5 Discussion

The low fraction of 6% of main-sequence dwarfs exhibiting Vega-like excess emission at 25 $\mu$m gives force to the result by Aumann & Probst (1991) who carried out a similar survey at 12 $\mu$m. They found only 2 statistically significant excess candidates out of 548 nearby stars. These two stars ($\beta$ Pic and $\zeta$ Lep) are also found in our sample of excess candidates. Apparently, warm debris disks are rare.

A similar study by Fajardo-Acosta et al. (2000), where 2MASS data were combined with IRAS data for a sample of 296 main-sequence stars, yielded 8 systems which have a significant excess at 12 $\mu$m. None of their 8 stars is in our initial sample. This low fraction (<3%) is not inconsistent with our result at 25 $\mu$m. Only one of these 12 $\mu$m excess stars is detected at longer wavelengths, and the spectral energy distributions of the 8 stars indicate dust temperatures in excess of 200 K. The temperatures suggest that the systems detected by Fajardo-Acosta et al. (2000) are distinct from the systems we have detected at 25 $\mu$m which all have been detected at 60 $\mu$m (see Fig. 5).

From a survey of 38 main-sequence stars using IRAS and ISOPHOT data Fajardo-Acosta et al. (1999) found no star with a significant excess at 12 $\mu$m, and a fraction of $\sim$14% excess stars at 20 $\mu$m. It is difficult to interpret this fraction since the ISOPHOT data used in their study were inconclusive, and the 20 $\mu$m detections needed confirmation. In any case, the absence of 12 $\mu$m detections indicates that these disks are not warmer than 200 K.

The temperatures and the inferred upper limits for the dust emission at 25 $\mu$m put strong requirements to possible ground based photometric surveys of debris disks at 20 $\mu$m. In order to be able to detect disks below our detection limit of $2\times10^{-5}$  ${M_{\oplus}}$, the contrast between disk emission and photospheric emission is <0.3 (equivalent to larger than 1.3 mag). On the other hand, the accuracy of predicting the infrared photospheric flux is generally not better than 5% which limits the maximum contrast to 3.3 mag. Significant improvement can only be made by imaging the disk.

All five Vega-like candidates in our sample are young, less than 400 Myr (cf. Table 1) with spectral type A0-A3, confirming the finding by Habing et al. (1999) that debris disks are mostly found around stars that just entered the main-sequence. In fact, of the 8 stars in our sample younger than 400 Myr, 5 have a detectable dust disk at 25 $\mu$m, whereas none of the older stars show a significant excess.

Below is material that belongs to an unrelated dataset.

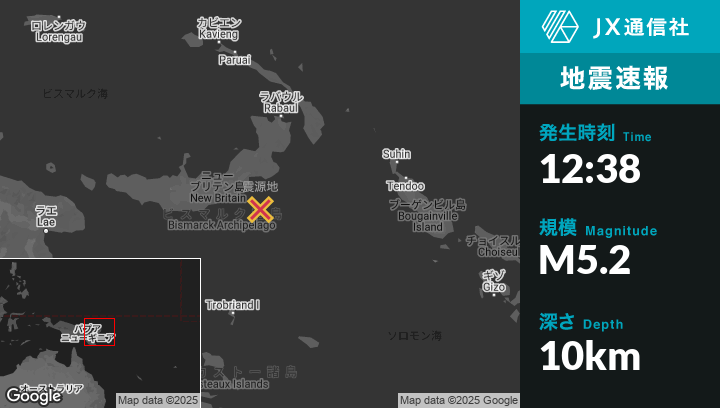 | 震源地 | パプアニューギニアのKimbeから東南東183kmの地点 |

The lower limits on the mass have been derived assuming that the size of the disk particles is much smaller than the wavelength. At 25 $\mu$m this corresponds to $a\la3~\mu$m, where a is the radius of a grain. Larger grain sizes yield relatively lower absorption cross sections which increase our minimum mass estimate. Detailed modelling by Krügel & Siebenmorgen (1994) and Dent et al. (2000) which includes the (observed) spatial distribution in the disk, suggests much larger grain sizes of the order of a few tens of $\mu$m. Such sizes could increase our lower limit of the disk mass by one order of magnitude or more.

The dust model calculations by Li & Greenberg (1998) for $\beta$ Pic assuming that the particles are made out of cometary material show that for a given temperature, the grains can span a whole range of distances from the star depending on the composition and mass. For $T_{\rm d}=120$ K they find D=20 AU for the biggest porous silicate aggregates (of 10^-4 g) to D=200 AU for the smallest ones (of 10^-14 g).